I presume this was a GSoC proposal that did not result in a project. I am going 
to mark it as "Later" for now as a result. Looks like a fine idea IMHO.

> UH-Mine algorithm for frequent pattern mining of uncertain data
> ---------------------------------------------------------------
>
>                 Key: MAHOUT-658
>                 URL: https://issues.apache.org/jira/browse/MAHOUT-658
>             Project: Mahout
>          Issue Type: New Feature
>          Components: Frequent Itemset/Association Rule Mining
>    Affects Versions: 0.4, 0.5
>            Reporter: Yarco Hayduk
>              Labels: gsoc, gsoc11, gsoc2011, mahout-gsoc-11
>
> Proposal Title: UH-Mine algorithm for frequent pattern mining of uncertain 
> data
> Student Name: Yaroslav Hayduk
> Student E-mail: [email protected]
> Organization/Project: Apache Mahout
> Assigned Mentor:
> Abstract
> Frequent pattern mining detects frequent patterns in data, which in turn 
> permits data analysts determine interesting correlations in the dataset. In 
> uncertain data mining, we suspect, but cannot guarantee, the presence or 
> absence of an item. Currently, Apache
> Mahout does not contain algorithm implementations capable of mining frequent 
> patterns from uncertain data. Hence, I propose to implement UH-Mine during 
> GSoC 2011, used for frequent pattern mining of uncertain data.
> Motivation
> There are many real-life situations, where we observe uncertain data, such as 
> in temperature and wind speed readings, patient diagnosis, and satellite 
> imaging. Due to the probabilistic nature of this data, it takes more time and 
> resources to mine it. Current state of-the-art frequent pattern mining of 
> uncertain data algorithms do not provide sufficient performance results, as 
> most of them are not crafted to execute in parallel.
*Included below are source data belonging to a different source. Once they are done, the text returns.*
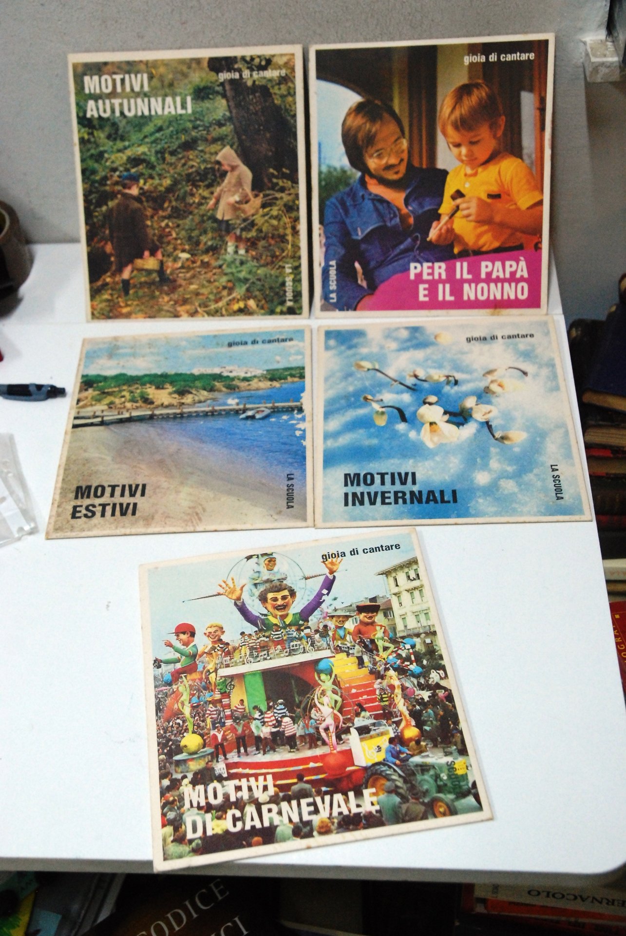 45 giri gioia di cantare 5 dischi motivi annuali estivi di carnevale invernali per il papa papà e il nonno. la scuola .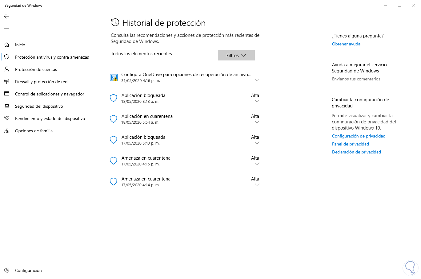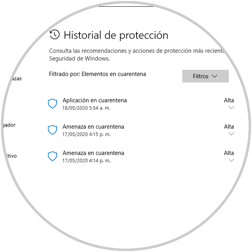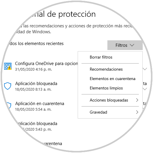 Este historial de protección puede filtrarse por diferentes secciones que son categorizadas por Windows Defender como: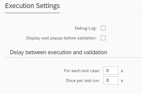 Similarly to the wait popup, these options introduce a delay between starting the test run and/or between injecting test case data and result validation. If we know that backend processing or integration platform mapping could take a significant amount of time, in this section such a delay can be configured. Thanks to this Int4 Suite will wait before trying to validate integration platform and/or the backend - depending on the test type.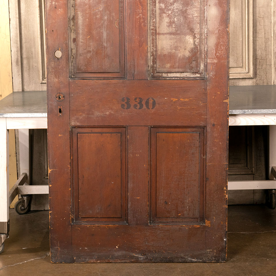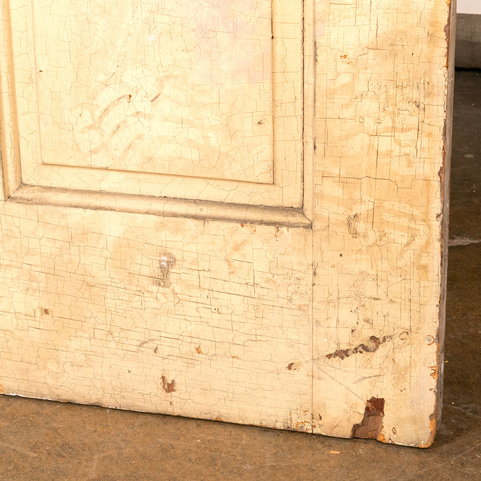 Antique architectural salvage four panel interior wood door measuring approximately 38 3/4" wide x 92 1/2" tall x 1 3/4" thick.

> In uncertain data mining, we suspect, but cannot guarantee, the presence or 
> absence of an item. For example, when a doctor is 90% sure that a patient 
> suffers from a particular disease. A video lecture by Jian Pei [3] contains a 
> thorough overview of the uncertain data problem domain as well as elaborates 
> on the process of frequent pattern mining of uncertain data.
> Comparison of UF-Growth and UH-Mine
> The UF-Growth [4] algorithm modifies the FP-Growth [2] algorithm in the way 
> the transaction tree is built. FP-Growth uses the FP-Tree, a tree-based data 
> structure, to store a compact representation of the transaction database, 
> which contains frequency information of all frequent items. The FP-Tree, 
> however, does not store existential probabilities, associated with items. 
> Hence, Leung et al. [4] created a data structure, called UF-Tree, which is 
> based on the FP-tree. Each node in the UF-Tree stores an item, its expected 
> support, as well as the number of occurrence of such expected support for 
> each item. To merge the transaction with the child node in UF-Tree, UF-Growth 
> requires both the item and its corresponding existential probability to 
> match. Hence, the algorithm arrives with the UF-Tree, having a much lower 
> compression ratio, that in the FP-Tree, constructed by FP-Growth.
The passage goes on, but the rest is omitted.